TL;DR
- Terraform structures must match the type of divergence across environments: value-based (sizes, counts) or structural (providers, topology, IAM boundaries).
- Folder-per-environment is safe and explicit but risks drift without strong module discipline.
- Workspaces support value-based differences but are operationally weak for structurally divergent or highly isolated environments.
- Per-service root modules scale best in microservice organizations.
- Service-aligned workspaces offer a hybrid approach but carry operational risks.
- Environment generators (Terragrunt/codegen) provide maximal parity and DRYness but add tooling complexity.
- Environment parity is achieved through module logic, not directory layout.
Terraform becomes difficult to manage as teams introduce multiple microservices and long-lived environments like dev, staging, and prod. A sustainable Terraform architecture balances:
- Environment parity
- Strong isolation
- Service-level autonomy
- DRY logic
- Support for divergence
- Predictable promotion flows
Choosing the right pattern is primarily about understanding the nature of your environment differences and the structure of your engineering organization.
Best Practices
Strong State Isolation
Dev operations must be structurally incapable of impacting prod.
Minimize Blast Radius
Decompose monolithic state files. Smaller root modules ensure that a bad apply in one service cannot accidentally destroy resources in another.
DRY Logic Through Modules
All environment logic should live in modules to prevent drift.
Maintain Environment Parity Where Required
Staging and prod should behave equivalently except for intended differences.
Support Intentional Divergence
Differences must be expressed cleanly, either as variables or structural changes.
Predictable Promotion Workflows
Promotion paths should be deterministic and low risk.
These practices drive the evaluation of the Terraform patterns below.
Value Divergence vs. Structural Divergence
A critical distinction for choosing a pattern:
Value Divergence
Differences in parameters: instance size, feature flags, scaling limits.

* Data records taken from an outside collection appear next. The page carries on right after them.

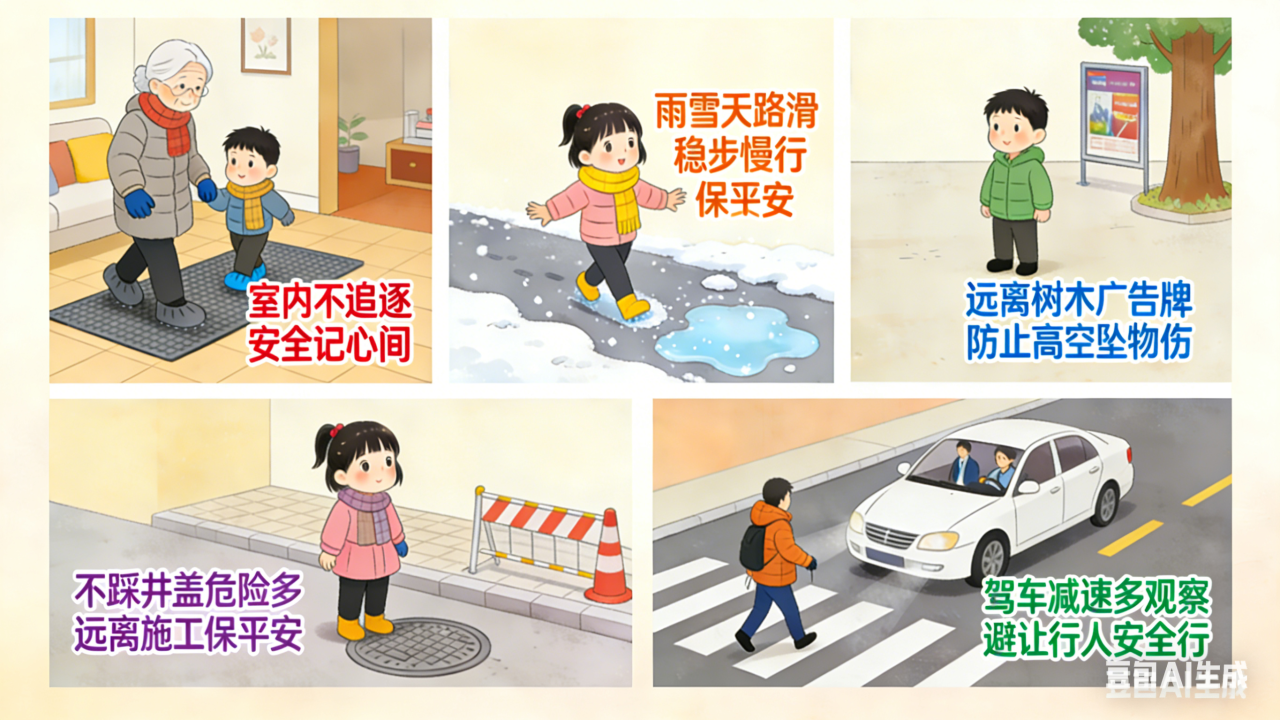 针对雨雪冰冻天气路面湿滑的情况,幼儿园提示骑行电动自行车接送的家长,务必与孩子一同规范佩戴安全头盔,减速慢行,避开结冰、积水路段;开车接送的家长需提前规划路线,预留充足时间,保持安全车距,谨慎驾驶,避免急刹车、急转弯,到校后即停即走,不占用消防通道和人行横道。同时,教育孩子过马路时走斑马线,遵守 “一停二看三通过” 原则,不闯红灯、不横穿马路、不猛跑打闹;为孩子准备防滑性能好的鞋子,步行时提醒孩子放慢脚步、稳步前行,避开路面坑洼、井盖和积水区域。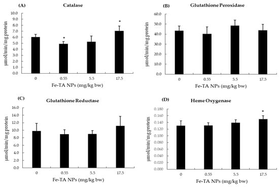 Effect of 10-week experiment of Fe-TA NPs on the activities of hepatic antioxidant enzymes in rats. (A): Catalase, (B): Glutathione peroxidase, (C): Glutathione reductase, and (D): Heme oxygenase. Data are expressed as Mean ± SD. * p < 0.05, significantly different when compared with a control group.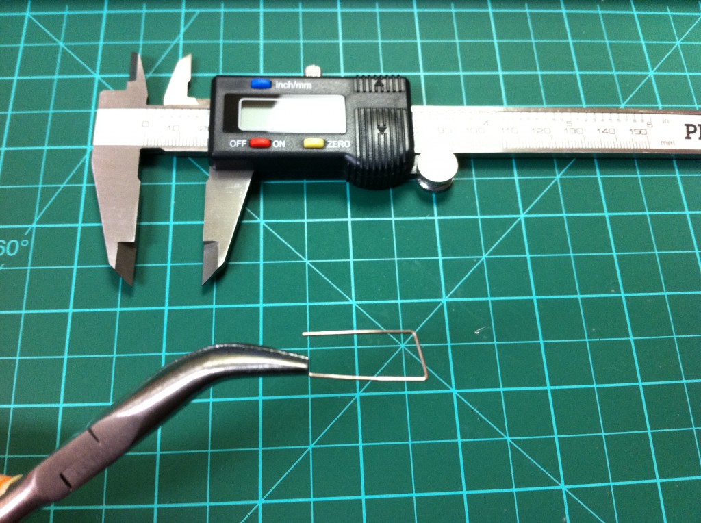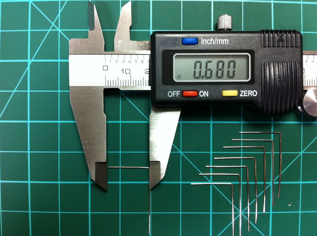Bend the wire 90 degrees after the 0.660″ mark. The resulting segment should measure about 0.680″ from the outside of the bend.

Workspaces handle these well.
Structural Divergence
Differences in topology, provider configurations, IAM boundaries, backends, or additional resources.

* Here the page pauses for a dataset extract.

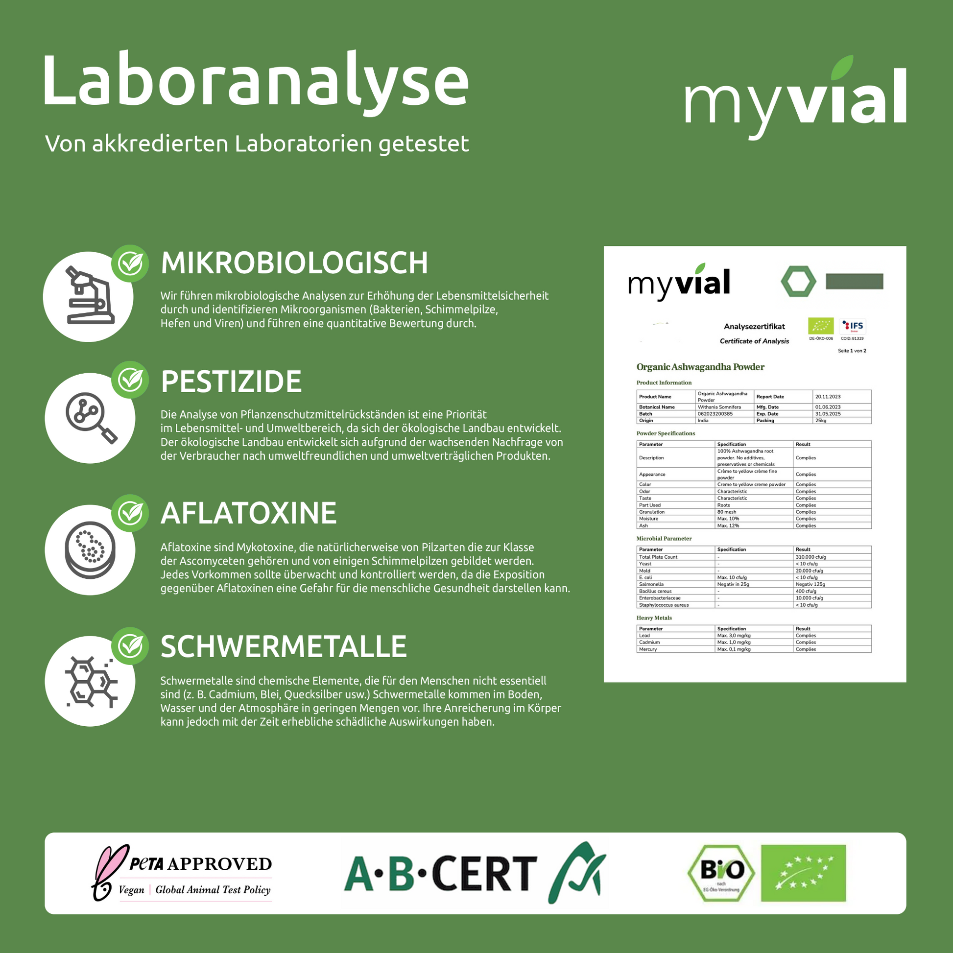 La nostra polvere è ricavata da radici di Ashwagandha (Withania somnifera) di alta qualità, delicatamente essiccate. Il prodotto viene regolarmente testato in laboratorio ed è privo di additivi non necessari, per un'alimentazione consapevole.

Workspaces struggle here because they share a single main.tf and provider configuration. If dev requires an AWS Provider in Account A and prod requires Account B, Workspaces require complex conditional logic. Folder-based layouts handle this natively by having distinct provider blocks for each environment.
- Critical Example: If
devlives in AWS Account A andprodin AWS Account B, the Terraformproviderblock often needs distinct configurations (e.g. allowed account IDs). Workspaces share a singlemain.tfandproviderblock, making multi-account deployments brittle or hacky. Folder-based layouts handle this natively.
This distinction explains why patterns differ more than expressiveness alone would suggest.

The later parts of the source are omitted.